TRY IT> Below are entries with pictures among them; reproduce exactly, and only, the lines from the one containing "ALASOU 3PCS Suction" down to the one containing "interior house with", without the pictures.

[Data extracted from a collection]

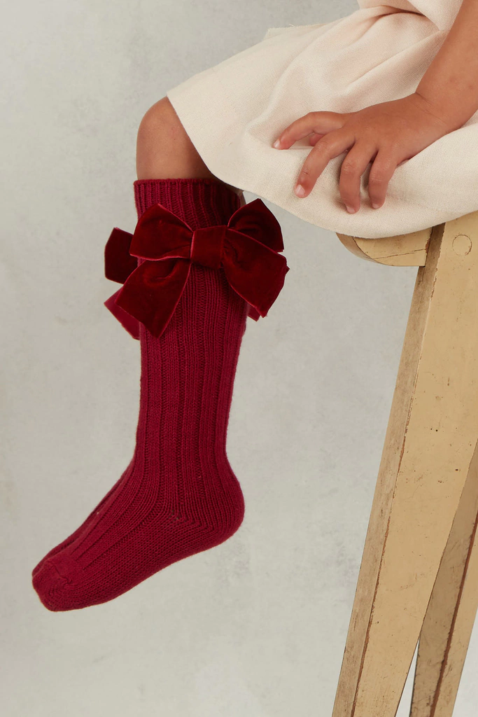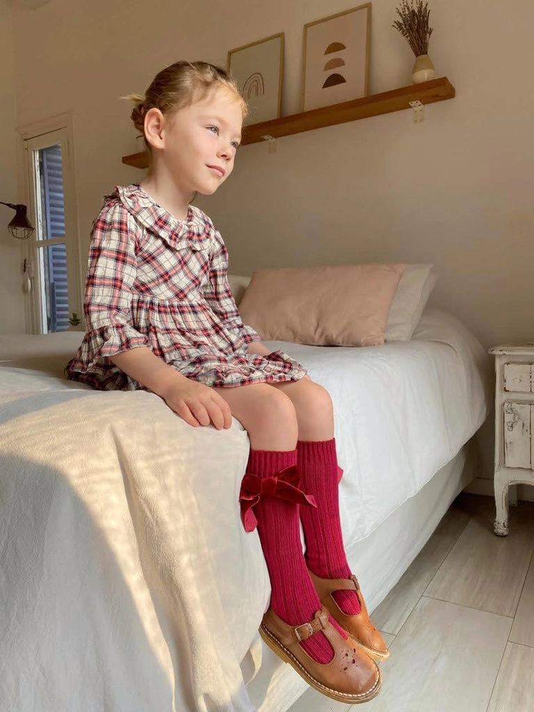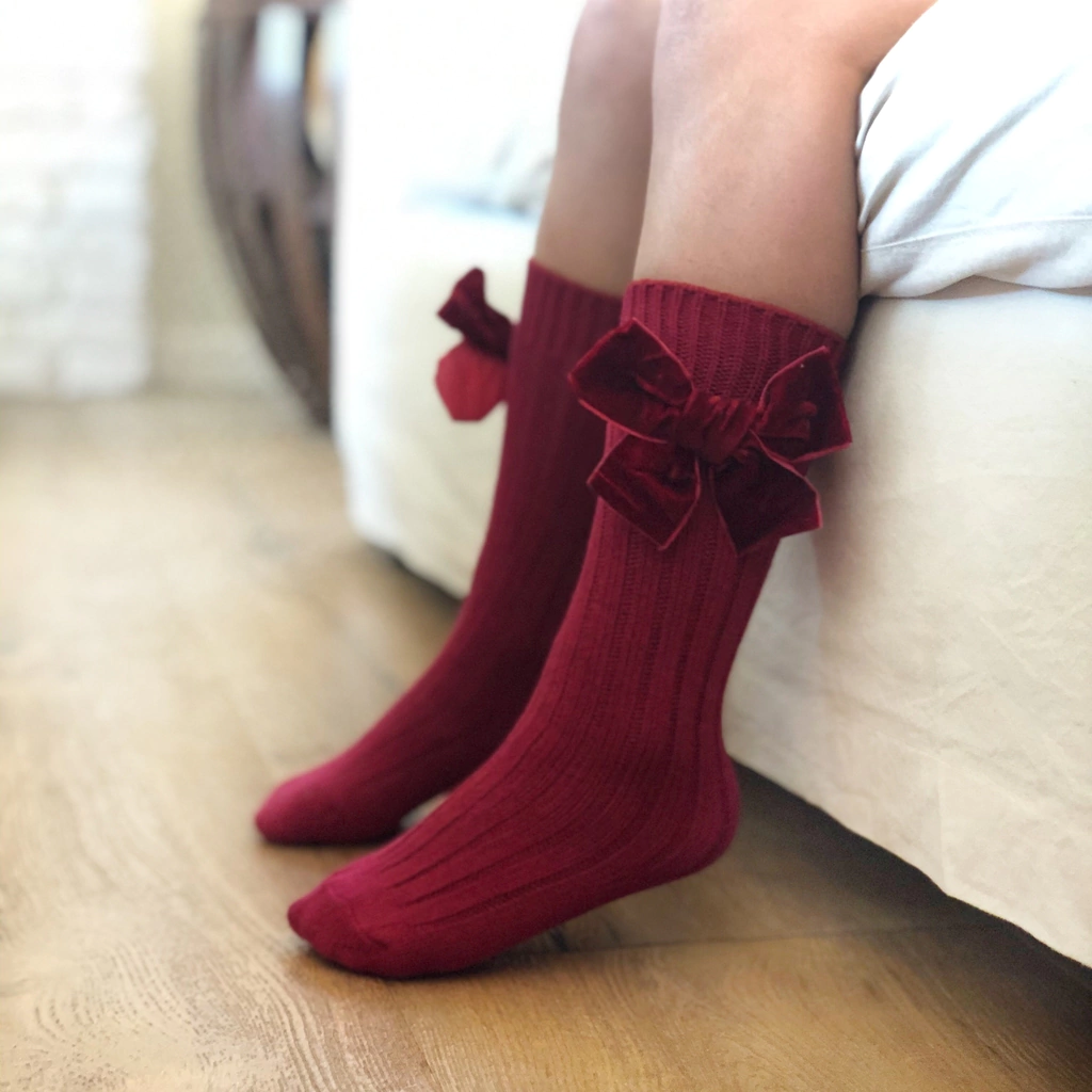 Las medias tres cuartos Bow en pana color bordeaux son puro encanto y calidez. Confeccionadas en una mezcla suave de lana y algodón, abrigan sin perder la delicadeza, mientras su moño de raso al tono añade ese toque especial que enamora.
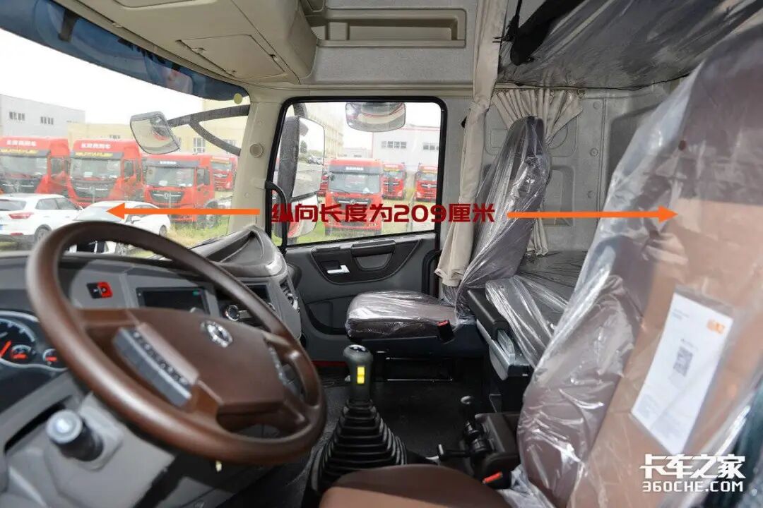 而在纵向长度方面,从挡风玻璃中间至卧铺后窗的距离为209厘米,我们可以粗略计算出,东风天龙旗舰KX经典版的驾驶室内部空间在4平米左右。
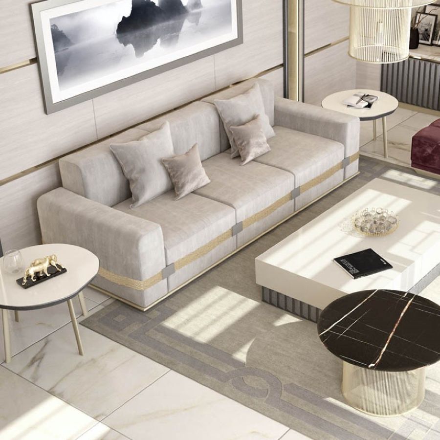 The Elledue Clio 3-Seater Sofa is a refined contemporary piece that effortlessly combines elegance with comfort. With a length of 259 cm, it provides generous seating space while maintaining a sleek and modern silhouette. The light gray upholstery enhances its versatility, making it a perfect addition to sophisticated interiors. Crafted with precision and high-quality materials, this sofa embodies Elledue’s commitment to exceptional craftsmanship and timeless design.
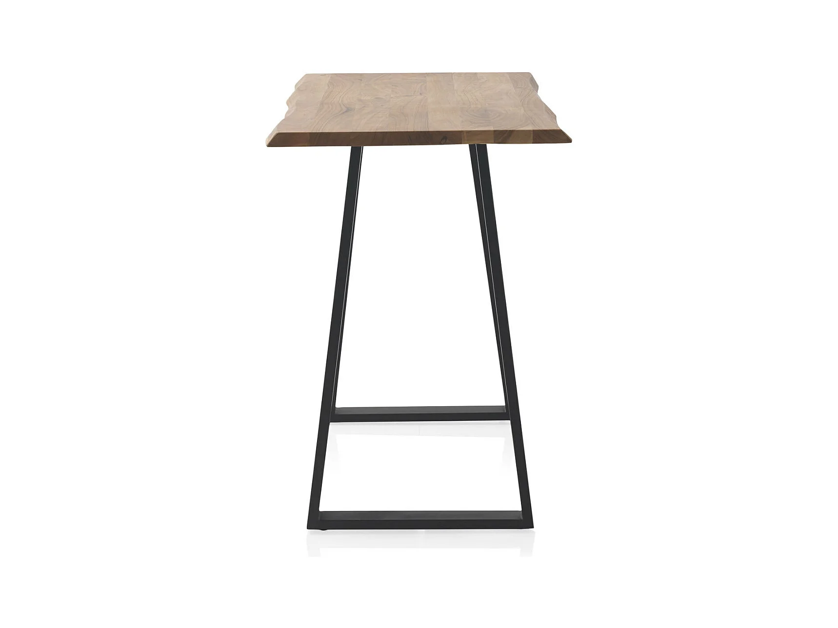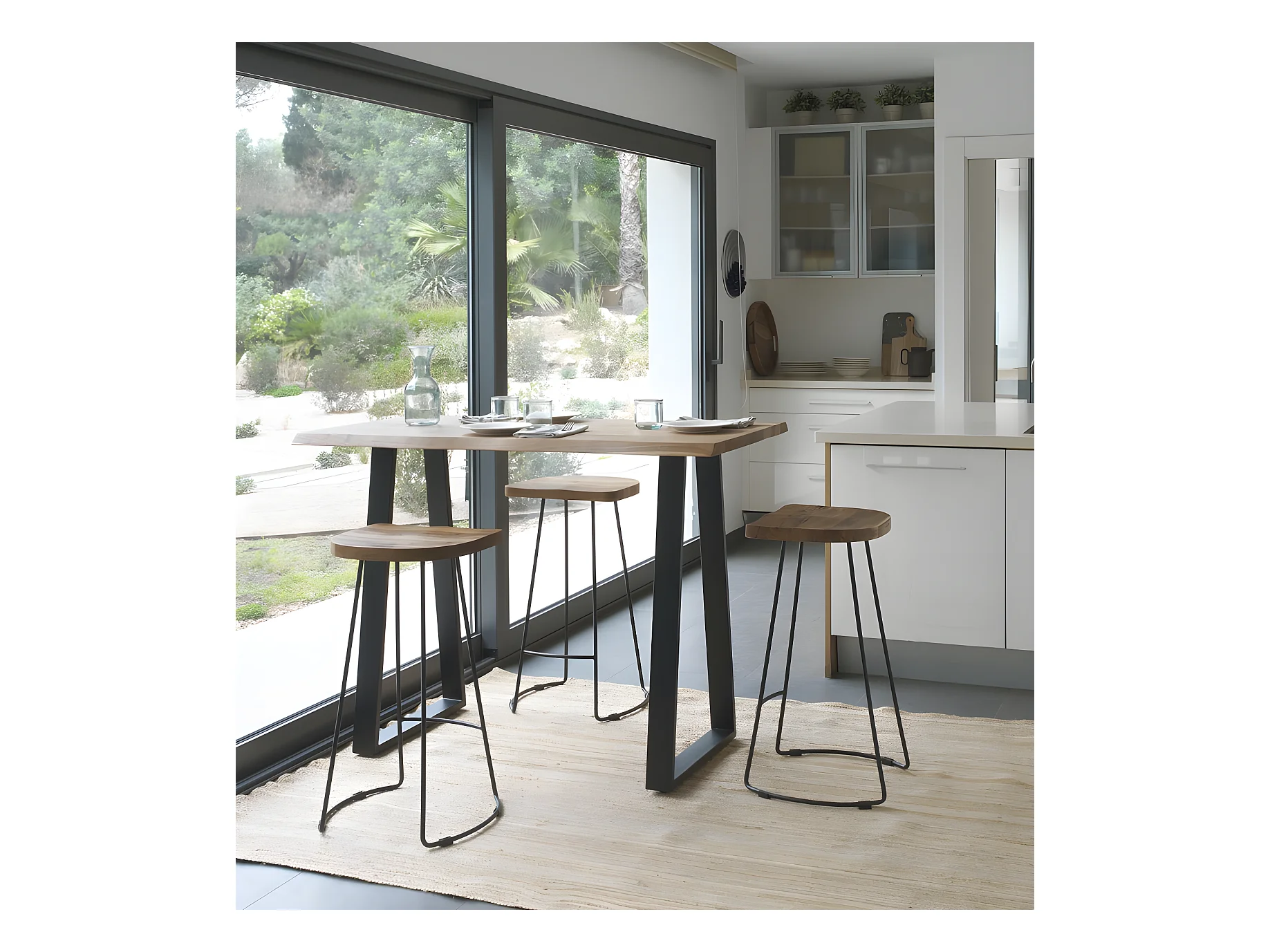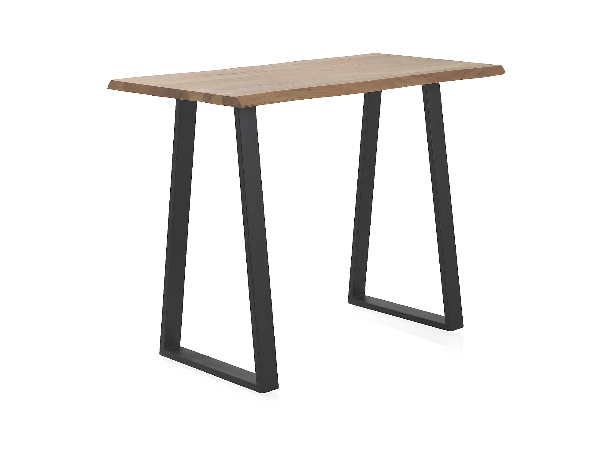 Mesa alta de bar 130x70 de madera maciza de acacia con patas metálicas negras
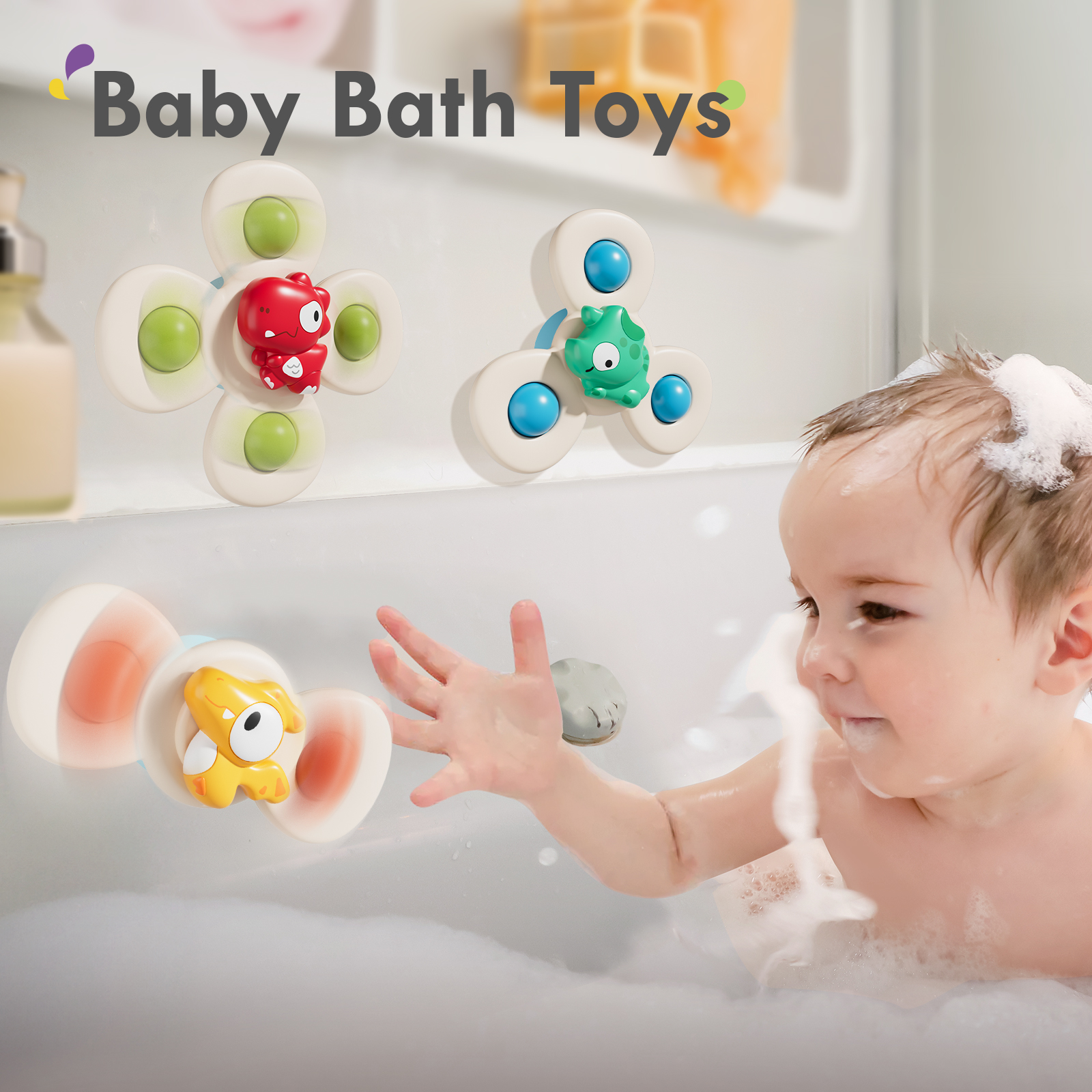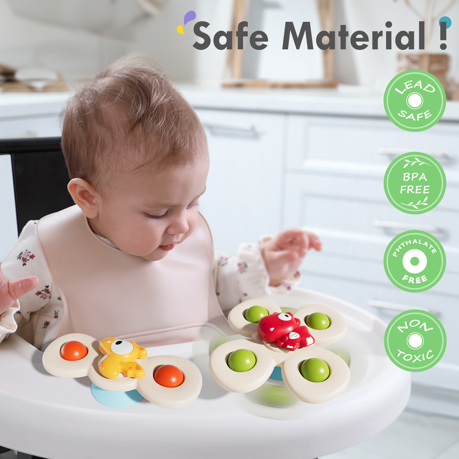ALASOU 3PCS Suction Cup Spinner Toys for 1 Year Old Boy Girl|Spinning Top 12 18 Months|1 2 Year Old Boy Birthday Gift|Baby Bath Toy for Kids Ages 1-3|Sensory Airplane Travel Toy for Infant Toddlers
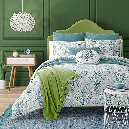 Amazon Com Lanwood Claire Cotton 10 Piece Comforter Set King Teal Floral Home Kitchen
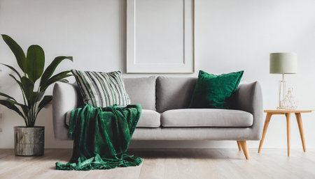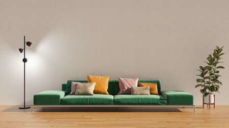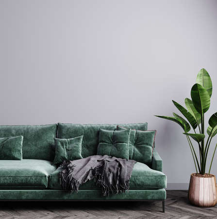 interior house with simple white background mock up. gray velvet sofa with green plaid on . modern space concept. 3d render. Illustration
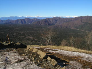 | 山行記 | ●おそらく富士山周辺の山の中で最も富士山を間近に見ることができるのがこの足和田山だろうとは思っていたが、行程が短く、周りの御坂山塊や天使山塊、愛鷹山塊などと比べると、登山対象としては若干魅力に欠けるのがこの山だった。今回は、初級者を連れてということなので、逆にこの山を登ってみることにした。 ●車で紅葉台下の駐車場に車を止める。売店がありここに止めていいのかよくわからなかったが、帰りにお土産でも買っていけばいいかと、とりあえず出発する。一登りで紅葉台に着く。ここからも富士山がよく見える。有料の展望台もあるがそんな必要もないので三湖台を目指す。 ●三湖台は紅葉台のすぐ上で、10分足らずで着いてしまう。三湖台の山頂はだだっ広くて木も無く、山頂全体が展望台だ。まだ真っ白な霜柱が残る地面の上から、圧倒的な迫力で迫る富士山を始め、青木が原樹海の向こうに見える天使山塊、南アルプス、振り返れば西湖の向こうに御坂の山々や三ッ峠山など、胸のすく展望が広がっている。 ●三湖台からはなだらかな道を歩いて、1時間足らずで五湖台と呼ばれる足和田山山頂に着く。足和田山山頂は木々が高く、三湖台よりは展望がはっきりしないが、これもまたいい味の景色が広がっているし、富士山をよく見たいのなら展望台もある。ここで展望と宴会を心行くまで楽しんで下山にかかる。 ●下山時に寄った三湖台は、朝とは打って変わって地面の霜柱がすっかり消え、まるで違う場所のようだった。富士山は相変わらず雲ひとつない状態で、これは下山後も続き、温泉に寄っての帰り道には見事な赤富士を見ることができた。 |

EXPECTED OUTPUT>
ALASOU 3PCS Suction Cup Spinner Toys for 1 Year Old Boy Girl|Spinning Top 12 18 Months|1 2 Year Old Boy Birthday Gift|Baby Bath Toy for Kids Ages 1-3|Sensory Airplane Travel Toy for Infant Toddlers
 Amazon Com Lanwood Claire Cotton 10 Piece Comforter Set King Teal Floral Home Kitchen
 interior house with simple white background mock up. gray velvet sofa with green plaid on . modern space concept. 3d render. Illustration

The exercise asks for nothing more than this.